The story’s only really enthusiastic adherents were German authors some of whom even went so far as to claim that PX and Riesling and Elbing were related but as Pedro Ximenez has no known shared traits with other grapes in the lower Rhine or any where else in Germany this assertion can be ignored.

As ever with grape varieties, the best source for information is Wine Grapes by Jancis Robinson MW, Julia Harding MW and José Vouillamoz, who explain its background and parentage beautifully and to which curious readers are directed.

Granada surrenders to Ferdinand and Isabella, Pedro Ximenez was probably already planted in the surrounding countryside and always has been.

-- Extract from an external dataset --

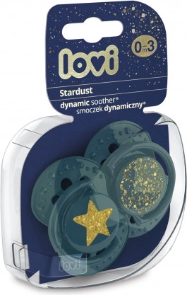 Stardust è qui! Collezione premium unica e dal design inconfondibile di LOVI. Il design esclusivo della collezione Stardust – decorazioni con scintillii dorati che ricordano il cielo stellato. La collezione presenta il ciuccio dinamico LOVI nella misura 0-3 mesi, sviluppato in collaborazione con neurologopedisti per garantire uno sviluppo naturale e sano del palato, dei denti e delle gengive del bambino. La tettarella del ciuccio si adatta dinamicamente alla suzione del bambino, senza interferire con il riflesso di suzione. Senza BPA. Confezione da 2 pezzi. SIAMO TUTTI FATTI DI STELLE Il ciuccio dinamico LOVI è stato sviluppato in collaborazione con neurologopedisti per assicurare uno sviluppo naturale e sano del palato, dei denti e delle gengive del bambino. Il ciuccio LOVI in silicone simmetrico e dinamico è stato testato clinicamente. Tutti i ciucci LOVI sono realizzati in silicone, inodore e insapore. I ciucci in silicone hanno una maggiore durata e sono più facili da mantenere puliti. La tettarella dinamica simmetrica unica si sfiata molto bene e non deforma il palato del bambino. previene il riflesso di mordere il ciuccio consente una deglutizione naturale della saliva supporta il sano sviluppo del linguaggio e dell’occlusione non deforma il palato del bambino si sfiata molto bene La tettarella dinamica è composta da strati di silicone eterogenei, per cui si allunga e si accorcia in base al ritmo di suzione del bambino. La forma simmetrica ricorda il capezzolo materno. La forma della tettarella consente inoltre di inserire il ciuccio nella bocca del bambino in qualsiasi modo (non ha un lato superiore o inferiore). La mascherina sagomata con incavo permette al bambino di respirare liberamente con il naso. È realizzata in materiale sicuro, privo di BPA. Il bordo unico della mascherina è realizzato in materiale medicale, piacevole al tatto e previene i segni di pressione del ciuccio. I fori sulla mascherina consentono la circolazione dell’aria, riducono l’accumulo di saliva dietro la mascherina e prevengono l’irritazione della pelle delicata del bambino. L’anello del ciuccio è saldamente fissato, facilita la presa e la somministrazione del ciuccio. È possibile agganciarvi una catenella o un cordino. Per motivi igienici, il ciuccio è dotato di cappuccio in plastica. La scatolina in plastica funge da custodia per la conservazione igienica dei ciucci. I ciucci LOVI hanno ottenuto il riconoscimento dei consumatori finali. I ciucci sono disponibili in molti design moderni e colorati. Il set comprende: 2 pz di ciucci dinamici LOVI 2 pz di cappucci in plastica per ciuccio 1 pz di scatolina in plastica Istruzioni per l’uso: Prima del primo utilizzo sterilizzare il ciuccio per motivi igienici in acqua bollente per circa 5 minuti. Dopo il raffreddamento, spremere l’acqua residua dalla tettarella. Prima di ogni utilizzo lavare il ciuccio in acqua tiepida. Non usare prodotti chimici disinfettanti! Alte concentrazioni di tali prodotti possono danneggiare le parti in plastica del ciuccio. Non immergere mai il ciuccio in sostanze zuccherate o in medicinali: esponete il bambino al rischio di carie dello smalto. Utilizzare il ciuccio per un massimo di 1-2 mesi, quindi sostituirlo per motivi igienici e di sicurezza. Se il ciuccio entra completamente nella bocca del bambino, NON ALLARMARSI – il ciuccio è progettato in modo che il bambino non possa ingoiarlo e in tali casi può essere rimosso in sicurezza. Rimuovere il ciuccio con la massima delicatezza possibile. Conservare il ciuccio in una custodia pulita, asciutta e chiusa. Sconsigliamo l’uso del ciuccio per bambini oltre i 3 anni. Avvertenza! Importante per la salute e la sicurezza del vostro bambino! Controllare la qualità del ciuccio prima di ogni somministrazione al bambino. Prestate particolare attenzione al ciuccio dopo la comparsa dei primi dentini. Verificare la qualità della tettarella con un’accurata trazione in tutte le direzioni. Ai primi segni di danneggiamento, gettare immediatamente il ciuccio e non utilizzarlo oltre. Usare solo portaciuccio conformi alla norma EN12586. Non fissare mai il ciuccio a cordini, lacci o nastri degli indumenti: il bambino potrebbe soffocare. Non lasciare il ciuccio alla luce diretta del sole, vicino a fonti di calore o in soluzioni disinfettanti più a lungo del consigliato: si può causare l’indebolimento della tettarella. Tenere il cappuccio rimosso fuori dalla portata del bambino per evitare il rischio di soffocamento. Il ciuccio in silicone è conforme a: Direttiva 2001/95/CE del Parlamento europeo e del Consiglio sulla sicurezza generale dei prodotti EN 1400 - 1 Prodotti per la cura del bambino – Ciucci per lattanti e bambini piccoli – Parte 1: Requisiti generali di sicurezza e informazioni sul prodotto EN 1400 – 2 Prodotti per la cura del bambino – Ciucci per lattanti e bambini piccoli – Parte 2: Requisiti meccanici e prove EN 1400 - 3 Prodotti per la cura del bambino – Ciucci per lattanti e bambini piccoli – Parte 3: Requisiti e prove chimiche I ciucci LOVI non contengono Bisfenolo A.

Modern genetic science blows an even bigger breach in the story as it has been shown that is much more likely is that the grape is North African or even out-and out-Spanish in origin and probably never left the southern Mediterranean at all – one parent is thought to be Gibi, an old Arabic table grape which was once grown in Spain and southern France.

It is possible that when the Reconquista had been completed in 1492 with the capture of Granada (by Ferdinand and Isabella – see above), many things of Moorish origin were renamed by the Spanish.

Pedro Ximénez may be a Spanish form of a Moorish name or perhaps a person that the two Catholic majesties deemed particularly worthy of remembrance due to his part in the Reconquista.

As a result, if it was not brought back by a soldier then military adventure would certainly take it out of its homeland as Ferdinand and Isabella were also responsible for beginning Spain on its period of post-Islamic colonisation in the New World.

And after the conquests of Magellan, Pirazzo and Cortés, came the priests bearing wine and the means of producing more wine that was so necessary in the liturgical rites. And one of the varieties they took with them was Pedro Ximénez.

Essentially the Dominicans, Jesuits and Benedictines would go on to lay the foundations of the wine industry in the Americas but that, perhaps, is a story for another day.